僕の忠告が少し間に合わなかったようだ。回転を始めた黒石柱に石像達が押し潰されて粉砕されて行く。さて、このまま前に進もうかな?
「くっ…やはり私では勝てないのか。済まない」
勝てない事を理解したのかエミリオが膝から地面に崩れ落ちた。だから、違うって。早くオデコと両手を地面に付かないと轢いちゃうよ?
『ウィル、もうその辺でいい。奴の兵士もほとんど壊れてしまった。それに奴の心もお前には勝てぬと理解しただろう。戦意を失った相手にトドメを刺す必要はない』
「………」
大丈夫、大丈夫。軽く轢いちゃうだけだから。軽く轢いて、直ぐに回復魔法で治すから大丈夫だって。多分ね。僕は神龍の忠告なんて無視してエミリオに向かって突き進んで行く。痛みを知って、人は強くなれるんです。さあ、粉々になりなさい。
『バキィン…バキィン…バキィン…‼︎』
「何だと⁉︎」
何本もの黒石柱が硬い何かに打つかって次々と粉々になっていく。エミリオに石柱を破壊する力がある訳ない。だとしたら、やっと探し者が現れてくれたという事だ。

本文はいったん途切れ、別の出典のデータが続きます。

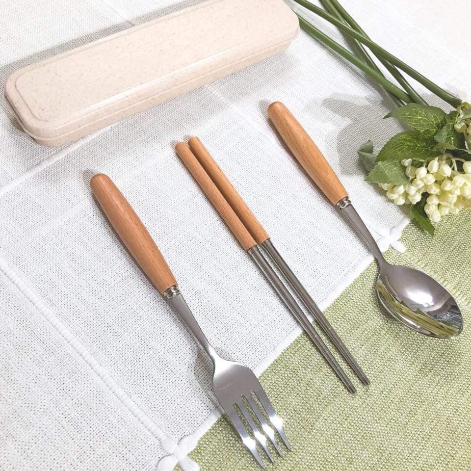 Giới thiệu Bộ thìa dĩa đũa cầm tay gỗ sồi / sét ba chi tiết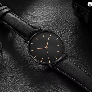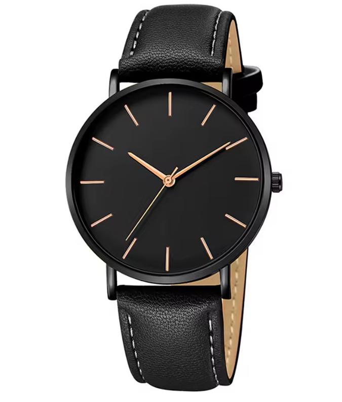 Timeless design meets everyday elegance. This minimalist wristwatch features a sleek matte black dial accented with refined rose-gold markers and hands for a subtle touch of sophistication. The slim black case creates a modern silhouette, while the soft genuine leather strap ensures lasting comfort throughout the day.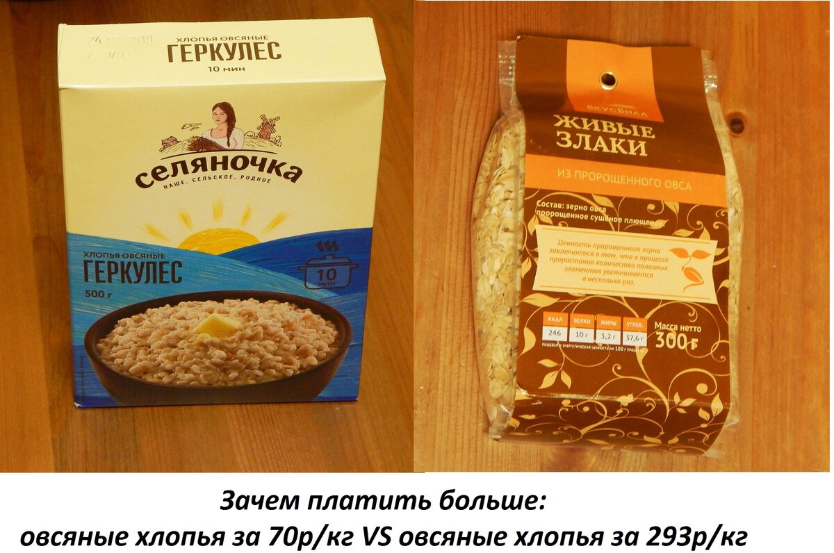 Сравниваем овсяные хлопья за 70р/кг с овсяными хлопьями за 293р/кг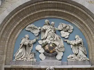 Tympanum sculpture of Our Lady of the Rosary by Jan Claudius de Cock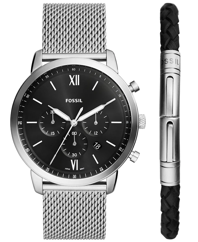 Fossil Men's Neutra Chronograph Silver-Tone Stainless Steel Mesh Watch 44mm and Bracelet Box Gift Set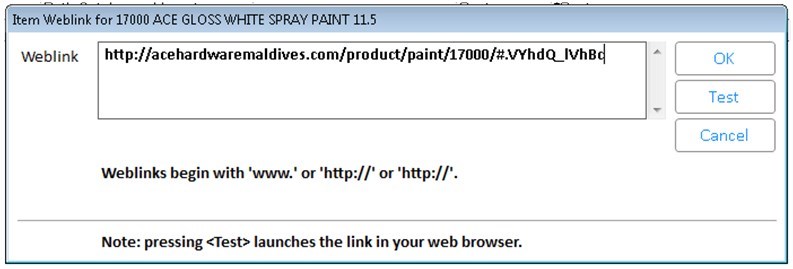 This describes how to link specific items to specific URL’s. Item specific URL’s are setup one item at a time. An item can only have one specific weblink at a time.

『あらあら、人間同士で何をやっているんですか? 困りましたねぇ』
エミリオを抱き抱えるようにして守っている、白いワンピースと白のロングコートを着た白髪の女が見えた。この女の子が神の使いならば、この神龍剣とチェンジでお願いします。
「ごぉはっ…‼︎」
『ガァシャーン‼︎』
まったく反応出来なかったエミリオの喉元を右手で鷲掴みにすると、そのまま窓を突き破って外に連れて行く。外野の女性二人は無傷で捕らえたいので、広い中庭に叩き落としてからの公開ボコボコを決行する。
『馬鹿者が! 手加減しろと言っただろう!』
宙に浮いて右手の荷物を石畳に落とすか、芝生に落とすか考えていると、左腰の神龍剣が騒ぎ出す。文字通り、そこまで右手には力は入れていない。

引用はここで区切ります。